Task item: Without copying any picture, transcribe exactly the lines of the data below from the one containing "Ya Rabbim; bu" through the one containing "7.2.10 Gosford II".

------------------------------

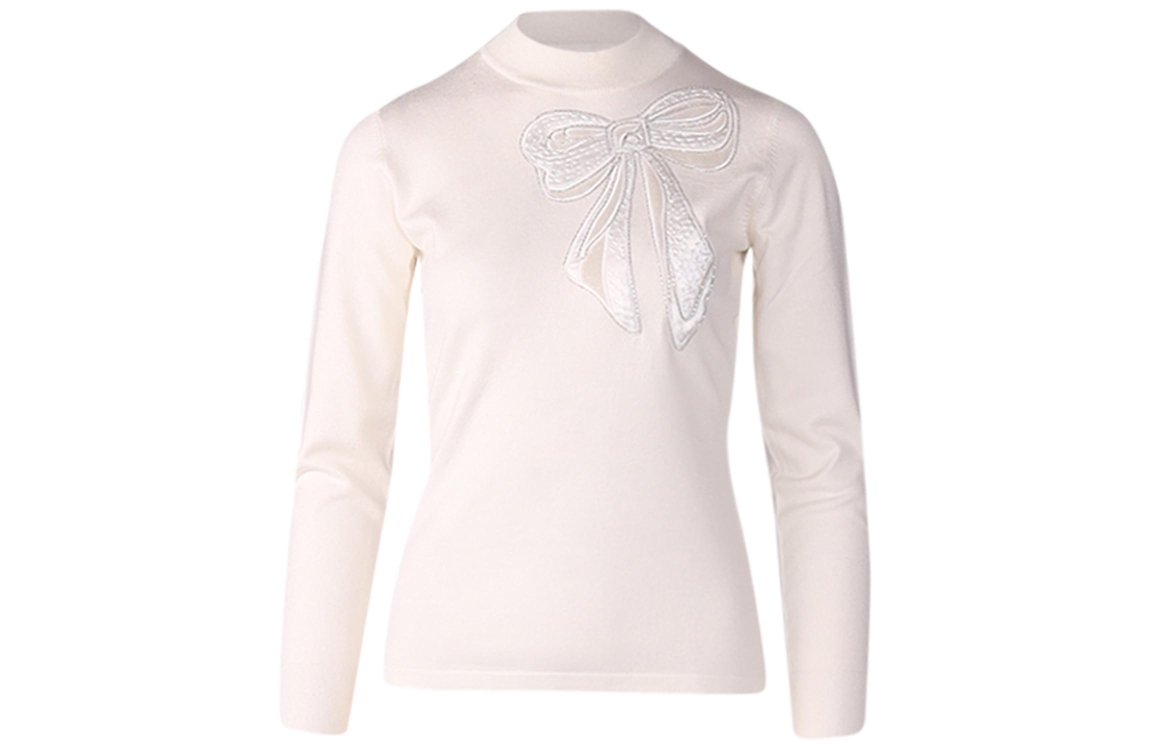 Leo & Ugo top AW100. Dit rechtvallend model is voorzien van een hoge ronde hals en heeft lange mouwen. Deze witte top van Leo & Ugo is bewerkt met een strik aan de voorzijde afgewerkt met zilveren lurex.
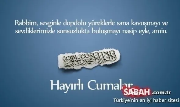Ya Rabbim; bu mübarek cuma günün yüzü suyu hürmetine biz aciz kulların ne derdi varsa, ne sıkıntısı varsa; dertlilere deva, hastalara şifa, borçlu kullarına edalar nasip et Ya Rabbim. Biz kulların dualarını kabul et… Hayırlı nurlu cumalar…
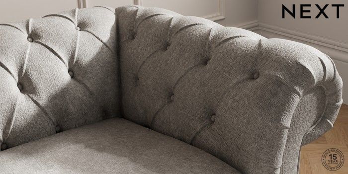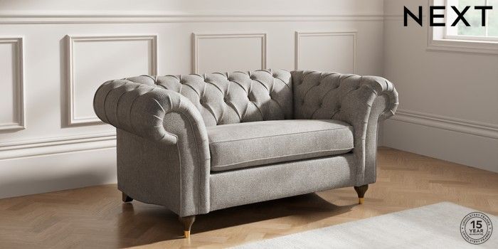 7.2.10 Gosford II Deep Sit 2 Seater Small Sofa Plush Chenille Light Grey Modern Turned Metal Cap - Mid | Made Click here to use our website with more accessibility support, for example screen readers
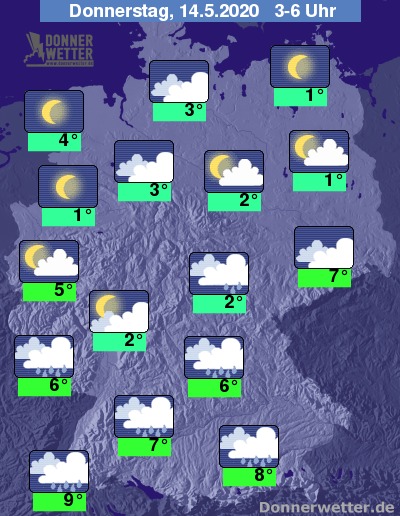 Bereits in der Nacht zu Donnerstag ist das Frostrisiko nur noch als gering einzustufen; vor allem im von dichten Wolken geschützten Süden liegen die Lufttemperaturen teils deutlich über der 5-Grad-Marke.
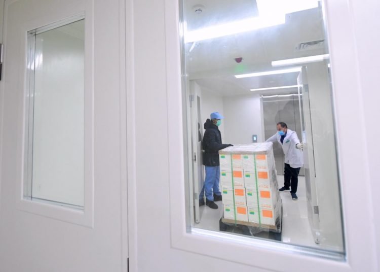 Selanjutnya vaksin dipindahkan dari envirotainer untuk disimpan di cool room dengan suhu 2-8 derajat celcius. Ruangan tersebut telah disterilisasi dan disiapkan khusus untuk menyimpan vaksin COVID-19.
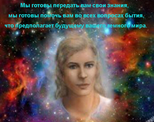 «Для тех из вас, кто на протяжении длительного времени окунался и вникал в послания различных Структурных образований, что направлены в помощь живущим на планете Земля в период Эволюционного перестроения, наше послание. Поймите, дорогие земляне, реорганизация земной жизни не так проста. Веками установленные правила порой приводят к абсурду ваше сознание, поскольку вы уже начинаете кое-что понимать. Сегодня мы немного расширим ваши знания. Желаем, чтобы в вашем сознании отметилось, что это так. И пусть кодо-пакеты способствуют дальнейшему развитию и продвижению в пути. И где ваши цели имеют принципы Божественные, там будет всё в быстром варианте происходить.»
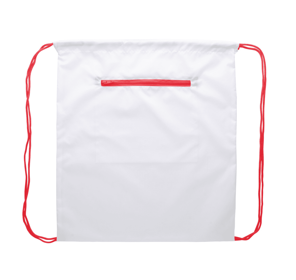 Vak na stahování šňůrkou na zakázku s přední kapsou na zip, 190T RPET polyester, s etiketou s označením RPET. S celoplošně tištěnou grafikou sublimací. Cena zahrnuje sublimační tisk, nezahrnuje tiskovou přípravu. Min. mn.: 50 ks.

------------------------------

Solution below:
Ya Rabbim; bu mübarek cuma günün yüzü suyu hürmetine biz aciz kulların ne derdi varsa, ne sıkıntısı varsa; dertlilere deva, hastalara şifa, borçlu kullarına edalar nasip et Ya Rabbim. Biz kulların dualarını kabul et… Hayırlı nurlu cumalar…
 7.2.10 Gosford II Deep Sit 2 Seater Small Sofa Plush Chenille Light Grey Modern Turned Metal Cap - Mid | Made Click here to use our website with more accessibility support, for example screen readers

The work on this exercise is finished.